EXERCISE: Copy the material below verbatim from the line with "Рисунок 67 - Перевалы Амшут с Энергии" to the line with "Geïmporteerd aardewerk uit", both lines included, omitting pictures and every line outside that range.
___ DATASET ___
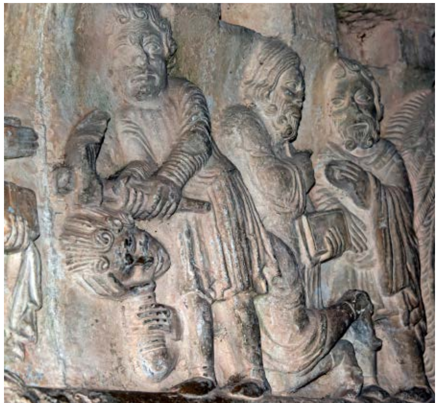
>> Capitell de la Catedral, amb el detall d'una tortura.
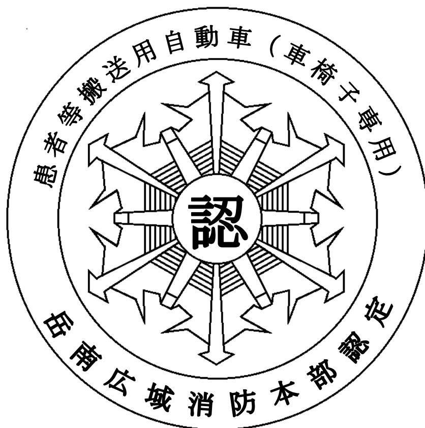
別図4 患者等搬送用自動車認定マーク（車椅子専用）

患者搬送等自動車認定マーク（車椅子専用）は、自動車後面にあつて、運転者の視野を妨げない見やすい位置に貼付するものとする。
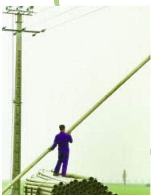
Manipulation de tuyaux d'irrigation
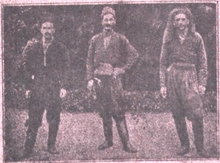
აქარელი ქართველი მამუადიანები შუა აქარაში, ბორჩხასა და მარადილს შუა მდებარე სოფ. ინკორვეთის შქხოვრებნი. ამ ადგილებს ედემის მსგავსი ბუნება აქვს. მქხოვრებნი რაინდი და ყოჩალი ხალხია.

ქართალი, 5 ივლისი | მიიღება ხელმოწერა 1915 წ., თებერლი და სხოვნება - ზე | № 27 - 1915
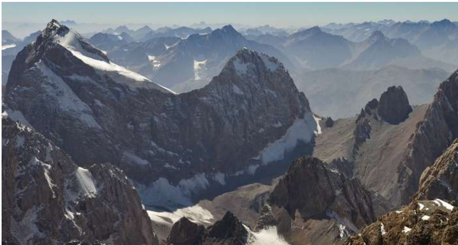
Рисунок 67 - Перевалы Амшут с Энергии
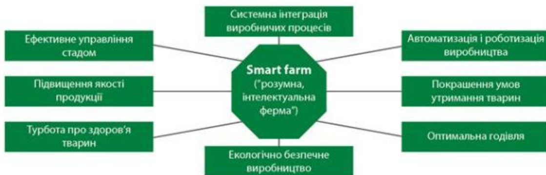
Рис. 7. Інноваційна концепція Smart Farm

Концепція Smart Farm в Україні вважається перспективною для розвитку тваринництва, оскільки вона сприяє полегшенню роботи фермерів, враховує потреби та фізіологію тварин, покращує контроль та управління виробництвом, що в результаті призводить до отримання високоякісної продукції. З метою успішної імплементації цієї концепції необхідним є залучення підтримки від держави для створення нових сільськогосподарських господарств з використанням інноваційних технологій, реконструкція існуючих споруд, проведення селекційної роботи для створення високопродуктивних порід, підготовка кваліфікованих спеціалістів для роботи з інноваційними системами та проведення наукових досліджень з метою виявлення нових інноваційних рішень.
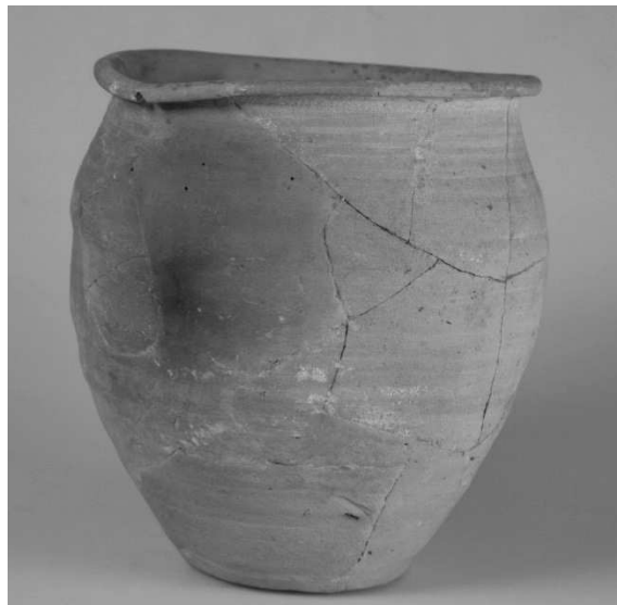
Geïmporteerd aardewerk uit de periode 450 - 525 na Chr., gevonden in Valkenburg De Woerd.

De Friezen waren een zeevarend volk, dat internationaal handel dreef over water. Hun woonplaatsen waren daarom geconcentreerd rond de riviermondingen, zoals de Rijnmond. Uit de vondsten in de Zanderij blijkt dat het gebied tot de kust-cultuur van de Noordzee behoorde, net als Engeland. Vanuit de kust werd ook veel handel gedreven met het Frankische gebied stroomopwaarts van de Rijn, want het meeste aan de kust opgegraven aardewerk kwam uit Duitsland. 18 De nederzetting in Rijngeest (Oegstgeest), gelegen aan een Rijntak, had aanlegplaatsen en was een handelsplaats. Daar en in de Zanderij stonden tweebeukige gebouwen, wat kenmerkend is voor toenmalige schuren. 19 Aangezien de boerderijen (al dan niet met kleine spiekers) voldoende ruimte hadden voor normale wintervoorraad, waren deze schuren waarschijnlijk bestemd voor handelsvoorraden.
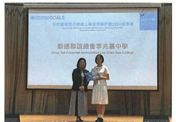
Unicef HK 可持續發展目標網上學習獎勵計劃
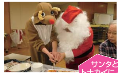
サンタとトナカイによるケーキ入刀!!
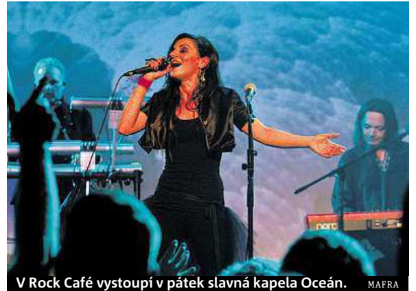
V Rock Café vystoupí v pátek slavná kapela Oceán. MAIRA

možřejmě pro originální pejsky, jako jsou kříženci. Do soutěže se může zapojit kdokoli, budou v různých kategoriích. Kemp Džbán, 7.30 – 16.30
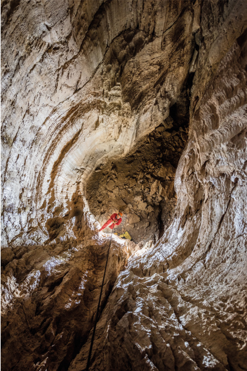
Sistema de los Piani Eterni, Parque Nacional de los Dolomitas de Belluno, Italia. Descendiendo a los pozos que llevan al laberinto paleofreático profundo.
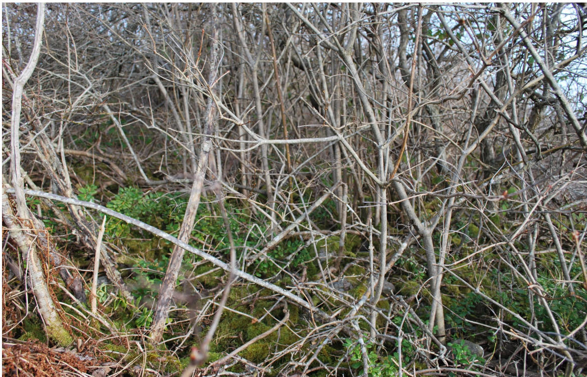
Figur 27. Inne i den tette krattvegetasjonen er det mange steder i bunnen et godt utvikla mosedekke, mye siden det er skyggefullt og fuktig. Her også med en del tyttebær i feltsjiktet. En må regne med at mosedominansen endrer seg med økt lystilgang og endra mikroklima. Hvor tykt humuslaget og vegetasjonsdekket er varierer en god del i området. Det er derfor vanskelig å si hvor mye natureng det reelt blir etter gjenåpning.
___
TASK SOLUTION:
Рисунок 67 - Перевалы Амшут с Энергии
Рис. 7. Інноваційна концепція Smart Farm

Концепція Smart Farm в Україні вважається перспективною для розвитку тваринництва, оскільки вона сприяє полегшенню роботи фермерів, враховує потреби та фізіологію тварин, покращує контроль та управління виробництвом, що в результаті призводить до отримання високоякісної продукції. З метою успішної імплементації цієї концепції необхідним є залучення підтримки від держави для створення нових сільськогосподарських господарств з використанням інноваційних технологій, реконструкція існуючих споруд, проведення селекційної роботи для створення високопродуктивних порід, підготовка кваліфікованих спеціалістів для роботи з інноваційними системами та проведення наукових досліджень з метою виявлення нових інноваційних рішень.
Geïmporteerd aardewerk uit de periode 450 - 525 na Chr., gevonden in Valkenburg De Woerd.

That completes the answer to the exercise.